» **WHAT THIS TASK INVOLVES**: Output the full listing below exactly, without the pictures.

» **SOURCE DATA**:
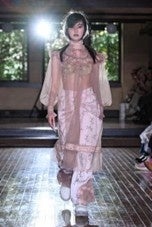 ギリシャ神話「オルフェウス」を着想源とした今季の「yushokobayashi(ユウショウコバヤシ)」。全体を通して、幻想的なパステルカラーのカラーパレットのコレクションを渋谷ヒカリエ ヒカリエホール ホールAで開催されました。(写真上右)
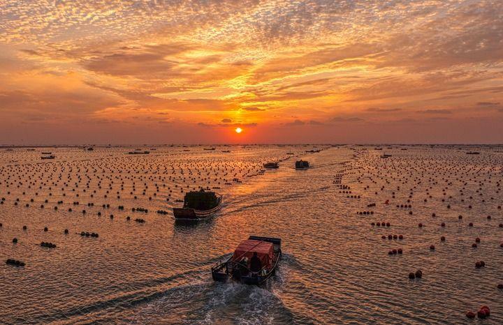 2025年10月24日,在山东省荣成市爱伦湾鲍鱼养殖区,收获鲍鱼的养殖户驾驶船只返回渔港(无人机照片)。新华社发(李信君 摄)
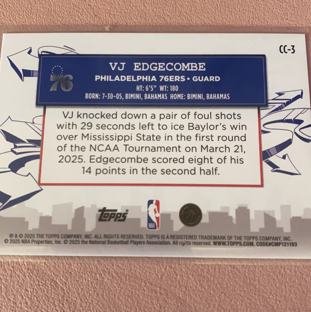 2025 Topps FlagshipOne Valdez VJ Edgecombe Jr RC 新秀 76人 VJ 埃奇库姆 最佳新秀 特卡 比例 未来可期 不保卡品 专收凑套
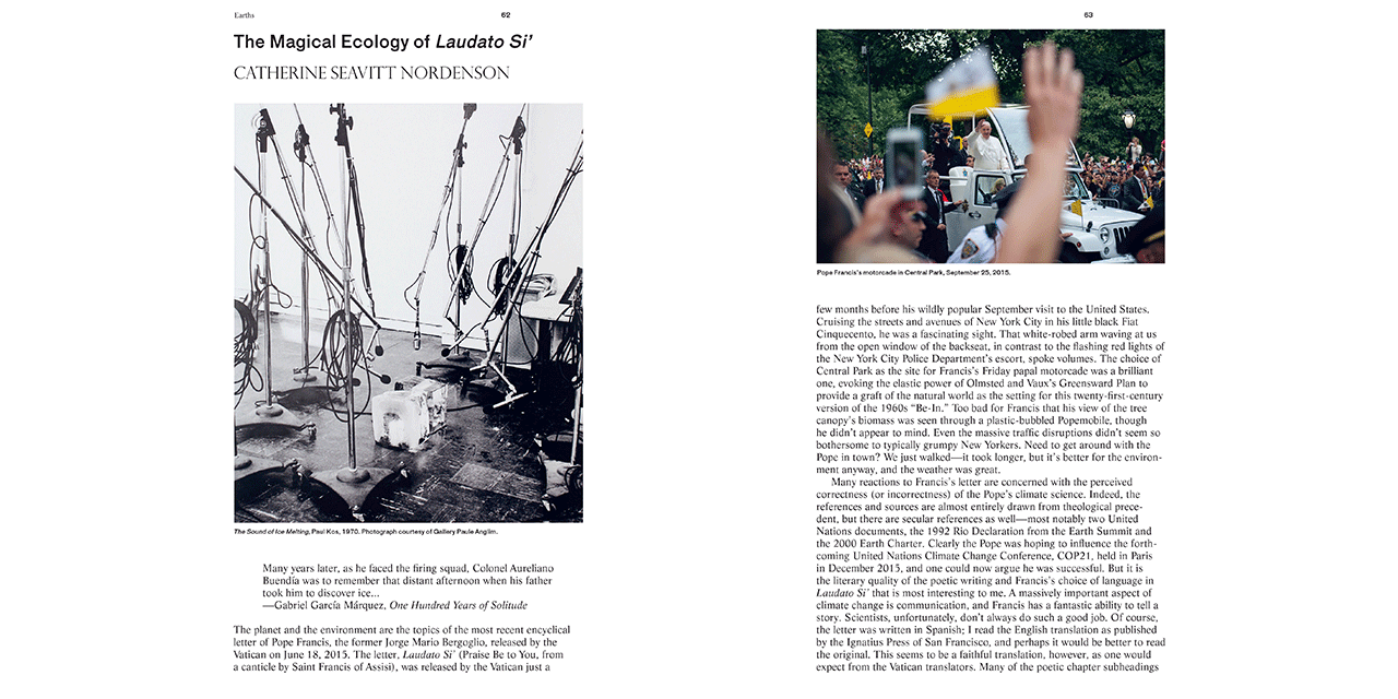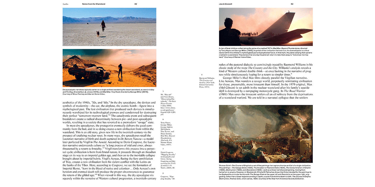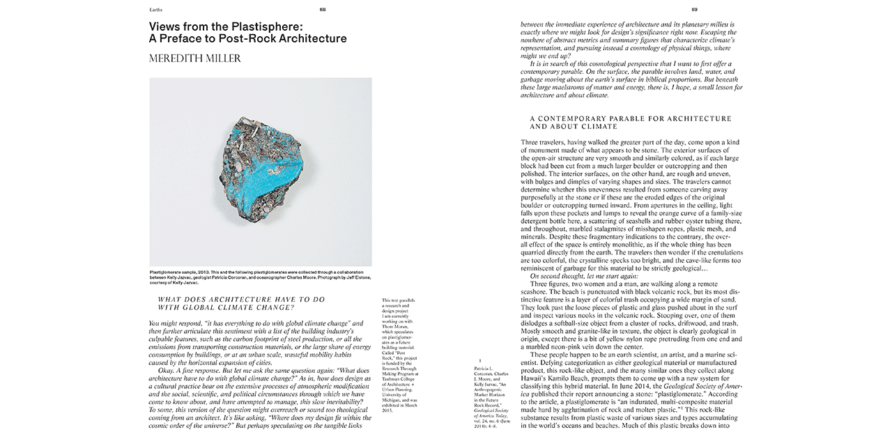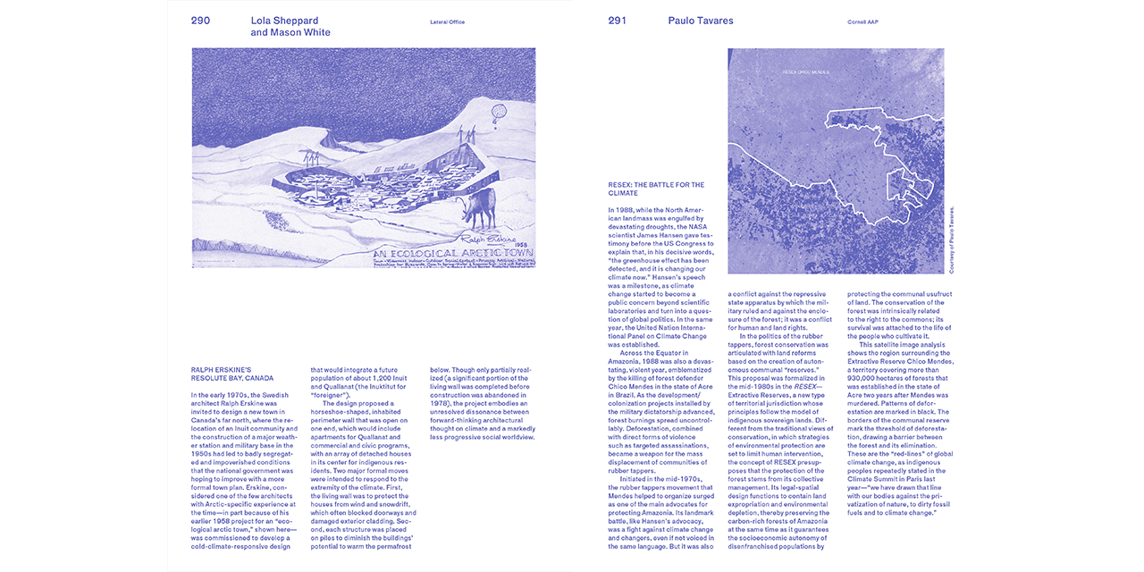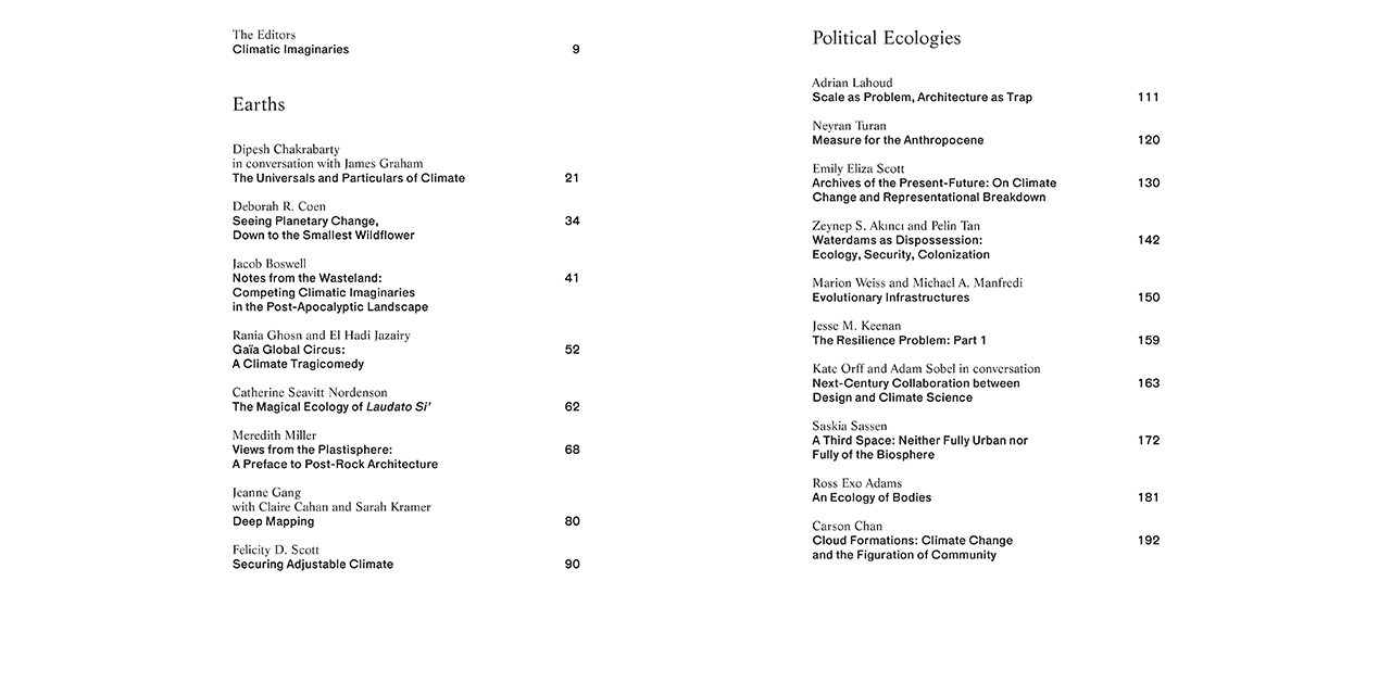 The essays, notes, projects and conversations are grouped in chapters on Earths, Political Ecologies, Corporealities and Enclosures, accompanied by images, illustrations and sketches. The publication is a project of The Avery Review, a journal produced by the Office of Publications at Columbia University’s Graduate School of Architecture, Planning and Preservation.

» **ANSWER BELOW**:
 ギリシャ神話「オルフェウス」を着想源とした今季の「yushokobayashi(ユウショウコバヤシ)」。全体を通して、幻想的なパステルカラーのカラーパレットのコレクションを渋谷ヒカリエ ヒカリエホール ホールAで開催されました。(写真上右)
 2025年10月24日,在山东省荣成市爱伦湾鲍鱼养殖区,收获鲍鱼的养殖户驾驶船只返回渔港(无人机照片)。新华社发(李信君 摄)
 2025 Topps FlagshipOne Valdez VJ Edgecombe Jr RC 新秀 76人 VJ 埃奇库姆 最佳新秀 特卡 比例 未来可期 不保卡品 专收凑套
 The essays, notes, projects and conversations are grouped in chapters on Earths, Political Ecologies, Corporealities and Enclosures, accompanied by images, illustrations and sketches. The publication is a project of The Avery Review, a journal produced by the Office of Publications at Columbia University’s Graduate School of Architecture, Planning and Preservation.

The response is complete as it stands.